> **Prompt**
Below is a block of entries; repeat exactly the lines starting at the line that contains "Black Check Pleated Midi Skirt" and ending at the line that contains "Embrace the holiday", both included.

> **Dataset records**
☆ ☆ ☆ ☆ ☆

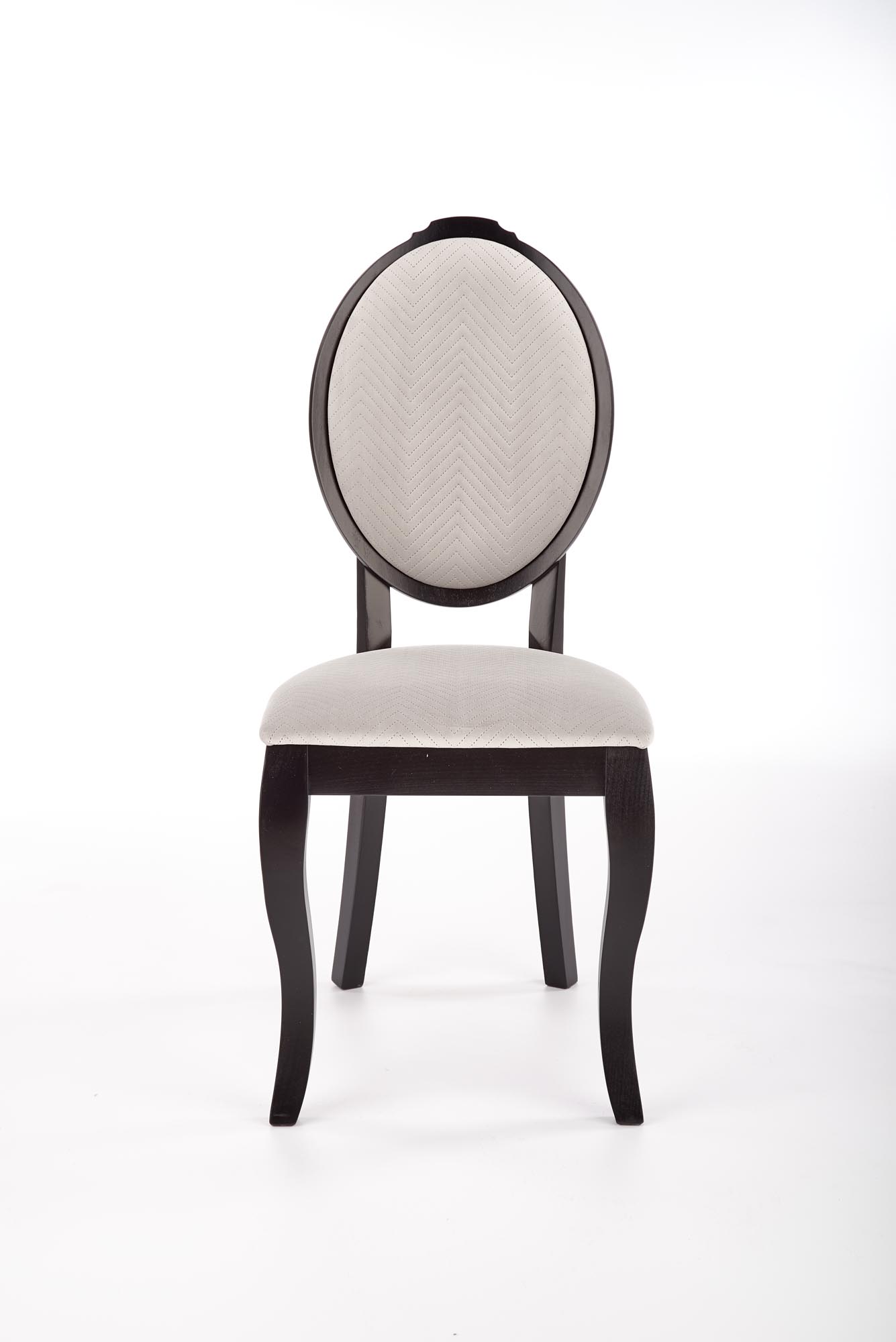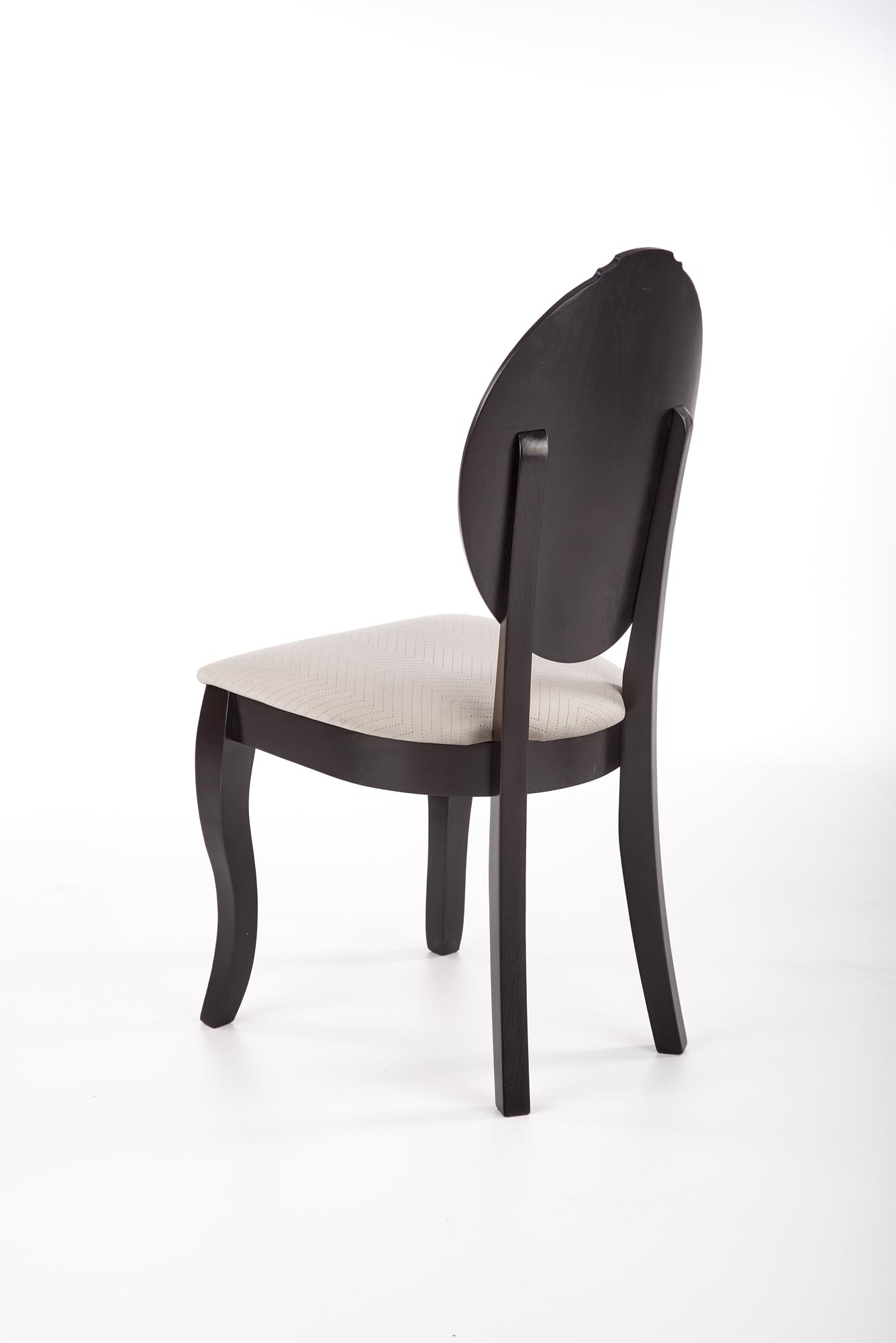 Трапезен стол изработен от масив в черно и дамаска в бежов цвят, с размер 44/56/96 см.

☆ ☆ ☆ ☆ ☆

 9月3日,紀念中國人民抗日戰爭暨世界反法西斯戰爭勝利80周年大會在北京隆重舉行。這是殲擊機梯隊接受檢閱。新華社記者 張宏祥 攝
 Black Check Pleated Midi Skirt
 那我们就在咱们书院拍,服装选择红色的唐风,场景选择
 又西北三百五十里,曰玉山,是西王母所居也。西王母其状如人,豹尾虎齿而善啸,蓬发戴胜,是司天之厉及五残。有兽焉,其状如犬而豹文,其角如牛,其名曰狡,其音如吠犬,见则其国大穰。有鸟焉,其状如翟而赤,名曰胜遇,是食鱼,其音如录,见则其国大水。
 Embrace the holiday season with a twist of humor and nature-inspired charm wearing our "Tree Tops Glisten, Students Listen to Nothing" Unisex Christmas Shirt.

☆ ☆ ☆ ☆ ☆

> **Your response**
 Black Check Pleated Midi Skirt
 那我们就在咱们书院拍,服装选择红色的唐风,场景选择
 又西北三百五十里,曰玉山,是西王母所居也。西王母其状如人,豹尾虎齿而善啸,蓬发戴胜,是司天之厉及五残。有兽焉,其状如犬而豹文,其角如牛,其名曰狡,其音如吠犬,见则其国大穰。有鸟焉,其状如翟而赤,名曰胜遇,是食鱼,其音如录,见则其国大水。
 Embrace the holiday season with a twist of humor and nature-inspired charm wearing our "Tree Tops Glisten, Students Listen to Nothing" Unisex Christmas Shirt.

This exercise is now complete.